Pour autant, je veux expliquer le vote que, un peu à regret, je m’apprête maintenant à émettre en indiquant que, à mon sens, cette réforme ne va pas « entraîner », pour reprendre le texte de la motion, « une désorganisation des cours d’appel ».
J’en veux pour preuve que le ministère d’avoué n’est d’ores et déjà pas obligatoire dans tous les domaines devant la cour d’appel.
Il n’est ainsi pas obligatoire devant la chambre sociale, de sorte que, pour toutes les décisions en appel des tribunaux des affaires de sécurité sociale, pour toutes les décisions des tribunaux paritaires des baux ruraux et, surtout, pour toutes les décisions des conseils de prud’hommes, le ministère d’un avoué n’est pas nécessaire. Or y a-t-il eu un syndicaliste mandataire d’une partie devant la cour d’appel pour se plaindre de cette situation et pour évoquer la « désorganisation » de cette dernière ?
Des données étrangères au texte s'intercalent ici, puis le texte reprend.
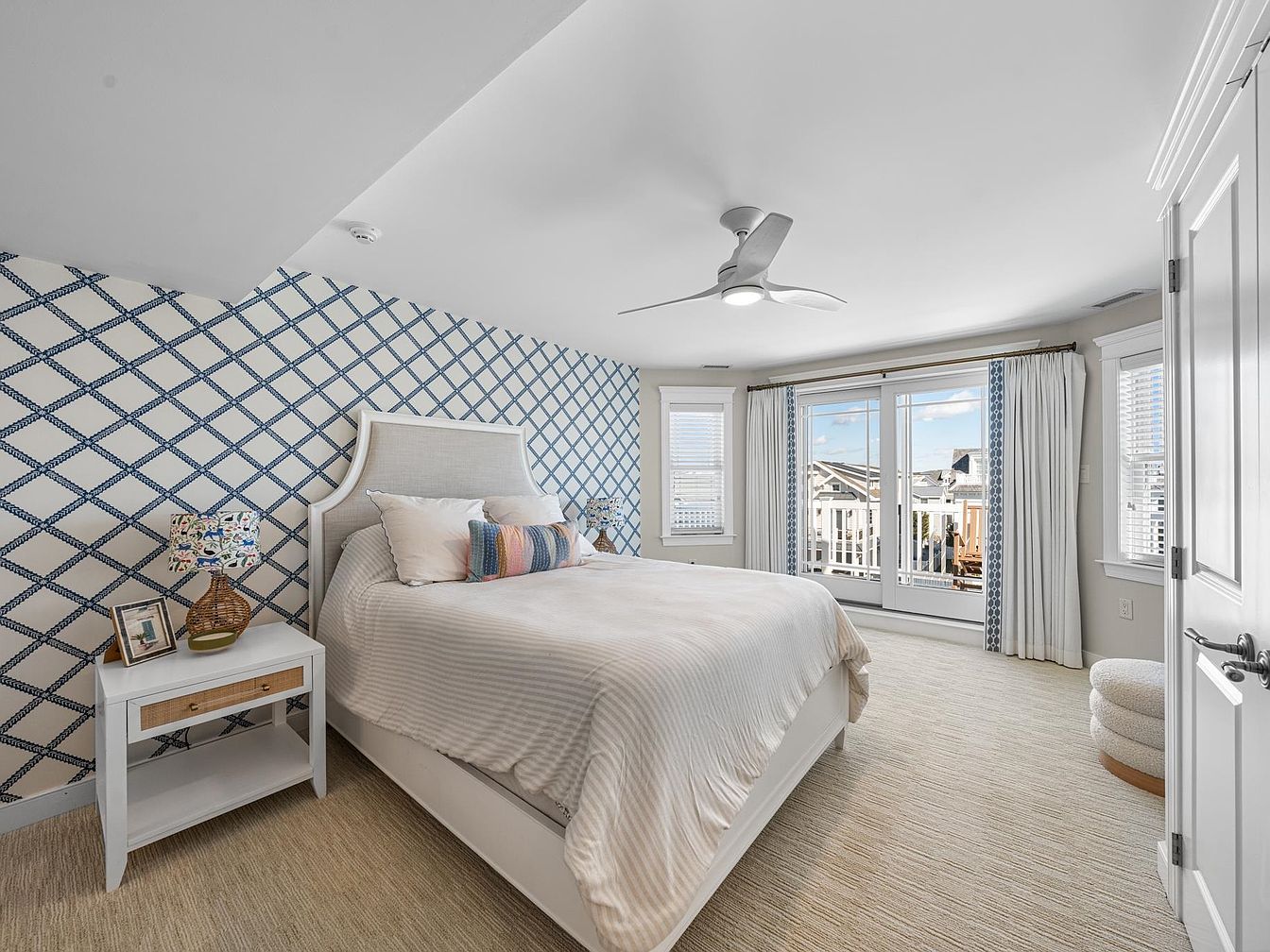 This bedroom features a calming, neutral palette with beige carpeting and white trim throughout. A white upholstered bed with a gently curved headboard anchors the room, dressed in soft, striped bedding and accented with multicolored and neutral pillows. One wall is adorned with a geometric blue lattice-patterned wallpaper, adding visual interest behind the bed. Matching nightstands flank each side, topped with woven base lampshades and decorative items. Large glass doors open onto a balcony, framed by creamy-white curtains with subtle blue detailing. The ceiling fan placement offers both function and a modern touch to this serene, sunlit retreat.
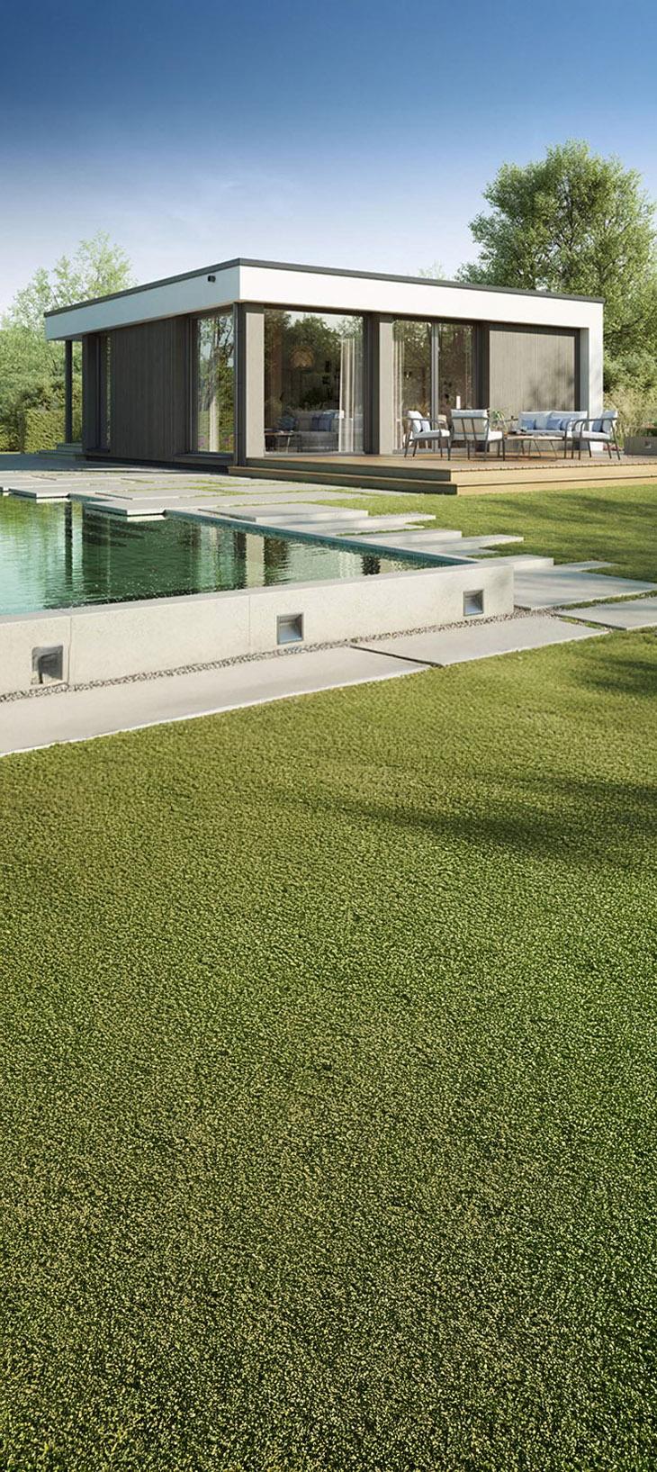 In Poing offenbart ein modular errichteter Bungalow, welch großartige Lösungen die Bauweise ermöglicht. Wandbreite und raumhohe Panoramafenster fluten die Räume des Musterhauses mit Tageslicht und schaffen phantastische Sichtachsen. Dieses beeindruckende Raumgefühl muss man live erleben! Das smarte Musterhaus zeigt, dass der Modulbau höchsten Ansprüchen an Design, Komfort und Energieeffizienz gerecht wird.
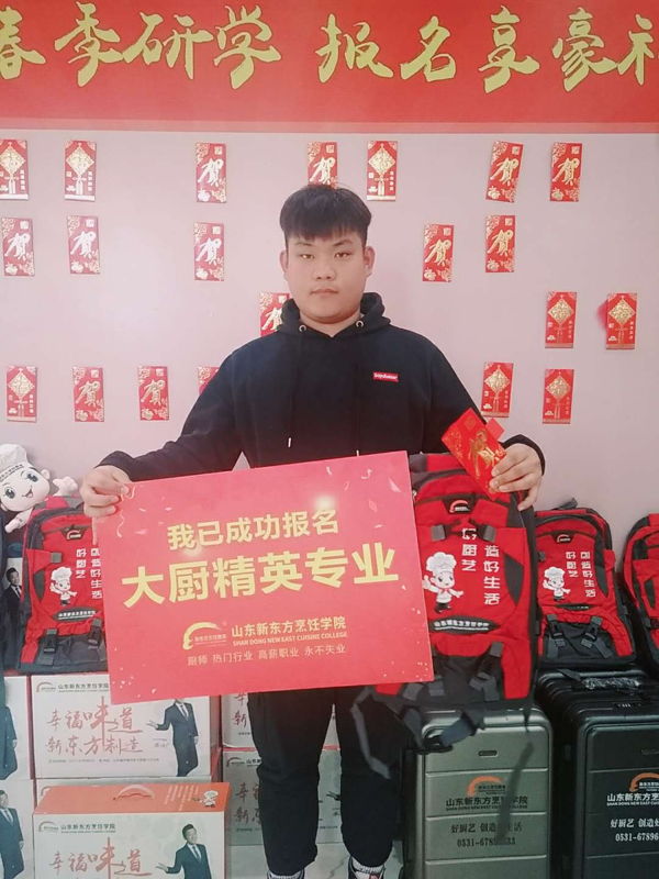 来自山东临沂的陈海波同学,即将参加高考,面对高考的压力,他选择学一门技术,用两年的时间“技能+”双丰收。陈海波同学说,高中教室的枯燥与束缚让他感到疲惫,也许是对书本课程的理论学习提不起兴趣,恰好自己又对厨师感兴趣,通过来校实地考察他发现山东新东方烹饪学院将理论知识、实践操作完美结合,让原本不爱课本知识的他能在最短的时间内感兴趣,从而能更自主、认真的学习,在与与父母商量并得到他们的肯定后,转学到了山东新东方,选择了大厨精英专业。
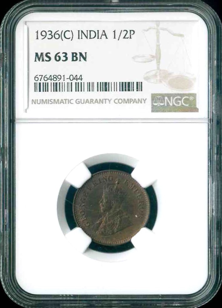 1936(C) 印度 ½P NGC MS63 BN 編號:6764891-044
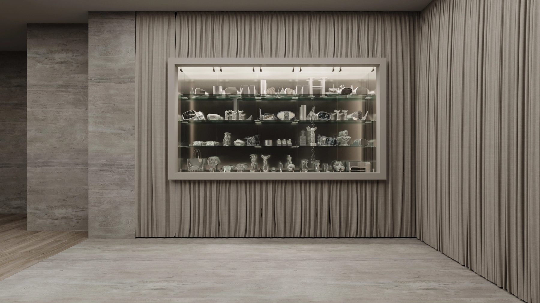 We combined this collection with a vitrine displaying objects that inspired me, covered in a silver finish. The conversation around "Transformism" continues throughout all of my work.

Il n’y a pas non plus de ministère d’avoué devant la chambre des appels correctionnels, et on n’y juge pas que l’infraction pénale venue du tribunal de police ou du tribunal correctionnel ; on y juge également l’indemnisation de préjudices corporels extrêmement importants.
La justice n’est donc pas désorganisée du fait de l’absence de l’avoué au stade de l’appel, mais le serait-elle à raison de l’importance du litige ?
Franchement, le fait qu’il n’y ait plus d’avoué va-t-il poser un problème lorsqu’il est fait appel d’un jugement rendu en matière de troubles de voisinage ou appel d’une décision du juge aux affaires familiales modifiant une pension alimentaire ?
Prenons un autre exemple dans le droit de la construction.
Un industriel décide de construire un complexe important et fait appel à des maîtres d’œuvre, à trente-six corps de métiers, passant un nombre indéterminé de contrats de droit privé et autant de contrats avec des assureurs.
Des problèmes surviennent, des malfaçons diverses, des difficultés financières ou des pertes matérielles qui rendent difficile le fonctionnement de l’entreprise. L’affaire sera portée devant le tribunal de grande instance, puis devant la cour d’appel, et le ministère d’avoué sera obligatoire.
Considérons le cas symétrique d’une communauté de communes qui veut créer une immense structure consacrée à la petite enfance : elle fait appel à un architecte, à des maîtres d’œuvre et à divers intervenants.
Des malfaçons apparaissent, causant un préjudice de jouissance. Le procès se déroulera devant le tribunal administratif, puis devant la cour administrative d’appel. Or il n’y a pas de ministère d’avoué devant la cour administrative d’appel.
La décision de la cour administrative d’appel sera-t-elle pour autant plus critiquable que la décision de la cour d’appel en matière civile ? Je ne le pense pas.
L’argument relatif à la désorganisation des cours d’appel, le seul sur lequel je prends position dans ce débat, ne tient donc pas réellement.